Question

P is a variable point such that the distance of P from A(4,0) is twice the distance of P from B(-4,0). If the line \( 3y - 3x - 20 = 0 \) intersects the locus of P at the points C and D, then the distance between C and D is:

• A. \( 8 \)
• B. \( 8\sqrt{2} \)
• C. \( \frac{32}{3} \)
• D. \( 32 \)

Hint:

To solve problems involving loci and distances, first express the given conditions algebraically, then substitute the equation of the line into the locus equation and solve the resulting quadratic equation.

Answer 1

The Correct Option is C

Let the coordinates of point \( P \) be \( (x, y) \). The distance from \( P \) to \( A(4, 0) \) is: \[ (\text{Distance from } P { to } A = \sqrt{(x - 4)^2 + y^2}) \] The distance from \( P \) to \( B(-4, 0) \) is: \[ (\text{Distance from } P { to } B = \sqrt{(x + 4)^2 + y^2}) \] We are given that the distance from \( P \) to \( A \) is twice the distance from \( P \) to \( B \), so: \[ \sqrt{(x - 4)^2 + y^2} = 2 \times \sqrt{(x + 4)^2 + y^2} \] Squaring both sides: \[ (x - 4)^2 + y^2 = 4 \times \left[ (x + 4)^2 + y^2 \right] \] Expanding both sides: \[ (x^2 - 8x + 16) + y^2 = 4(x^2 + 8x + 16 + y^2) \] Simplifying the equation: \[ x^2 - 8x + 16 + y^2 = 4x^2 + 32x + 64 + 4y^2 \] \[ x^2 - 8x + 16 + y^2 - 4x^2 - 32x - 64 - 4y^2 = 0 \] \[ -3x^2 - 40x - 3y^2 - 48 = 0 \] Dividing by -3: \[ x^2 + \frac{40}{3}x + y^2 + 16 = 0 \] This is the equation of the locus of point \( P \).
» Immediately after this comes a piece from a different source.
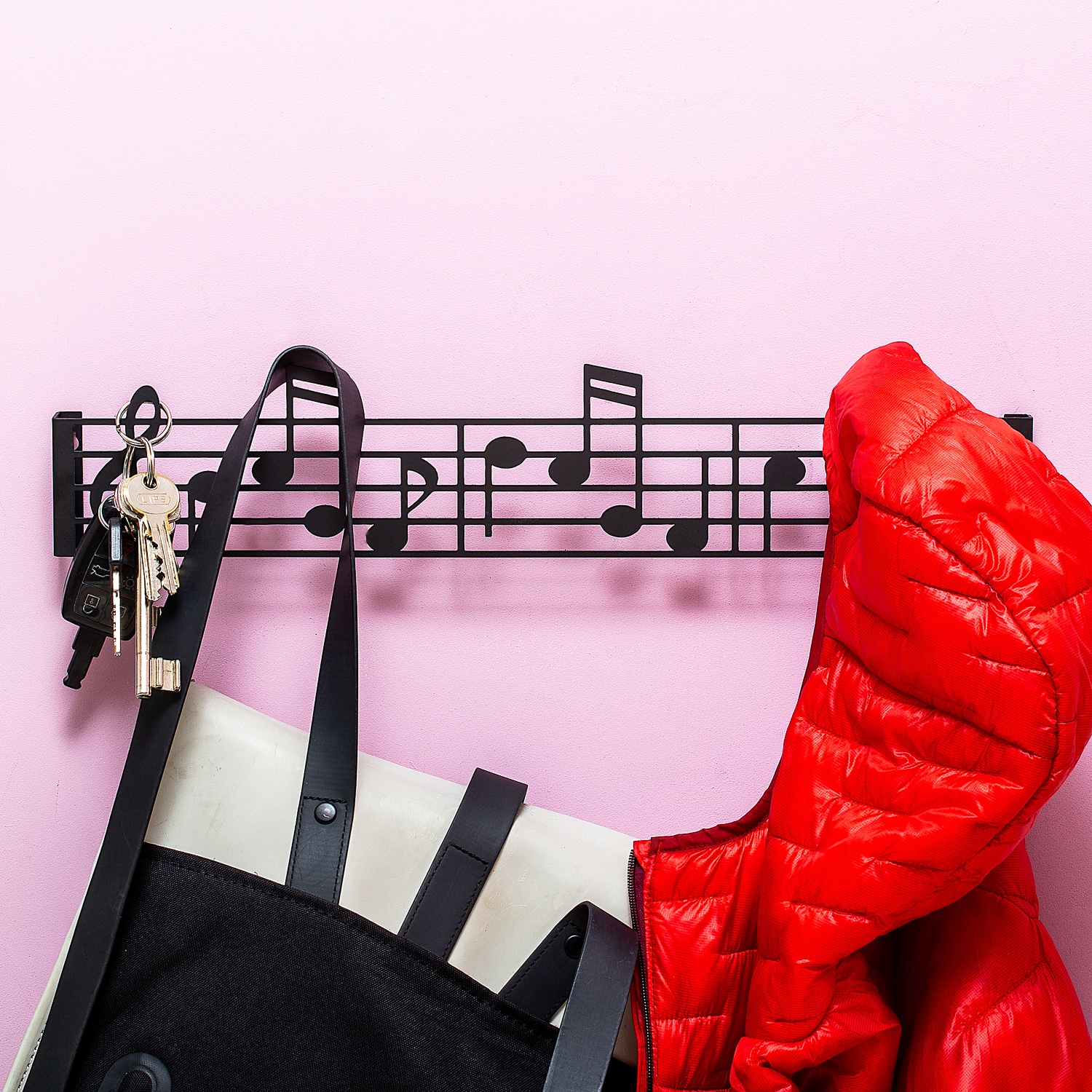 Mooie kapstok voor muziekliefhebbers, voorzien van muzieknoten. De kapstok is gemaakt van ijzer en heeft een zwarte kleur. Hang je sleutels direct op na thuiskomst, dan raak je ze nooit meer kwijt.

Step 2: The equation of the line \( 3y - 3x - 20 = 0 \) is: \[ y = x + \frac{20}{3} \] Substitute this into the equation of the locus of \( P \): \[ x^2 + \frac{40}{3}x + \left( x + \frac{20}{3} \right)^2 + 16 = 0 \] Expanding the square term: \[ x^2 + \frac{40}{3}x + \left( x^2 + \frac{40}{3}x + \frac{400}{9} \right) + 16 = 0 \] Combining like terms: \[ 2x^2 + \frac{80}{3}x + \frac{400}{9} + 16 = 0 \] Multiplying through by 9 to eliminate fractions: \[ 18x^2 + 240x + 400 + 144 = 0 \] \[ 18x^2 + 240x + 544 = 0 \] Divide by 8: \[ 9x^2 + 120x + 272 = 0 \] Now solve this quadratic equation using the quadratic formula: \[ x = \frac{-120 \pm \sqrt{120^2 - 4 \times 9 \times 272}}{2 \times 9} \] \[ x = \frac{-120 \pm \sqrt{14400 - 9792}}{18} \] \[ x = \frac{-120 \pm \sqrt{4608}}{18} \] \[ x = \frac{-120 \pm 67.89}{18} \] Thus, the two values of \( x \) are: \[ x_1 = \frac{-120 + 67.89}{18} = \frac{-52.11}{18} = -2.9 \] \[ x_2 = \frac{-120 - 67.89}{18} = \frac{-187.89}{18} = -10.4 \] The distance between \( C \) and \( D \) is: \[ |x_1 - x_2| = |-2.9 - (-10.4)| = 7.5 \] Thus, the distance between \( C \) and \( D \) is \( \frac{32}{3} \).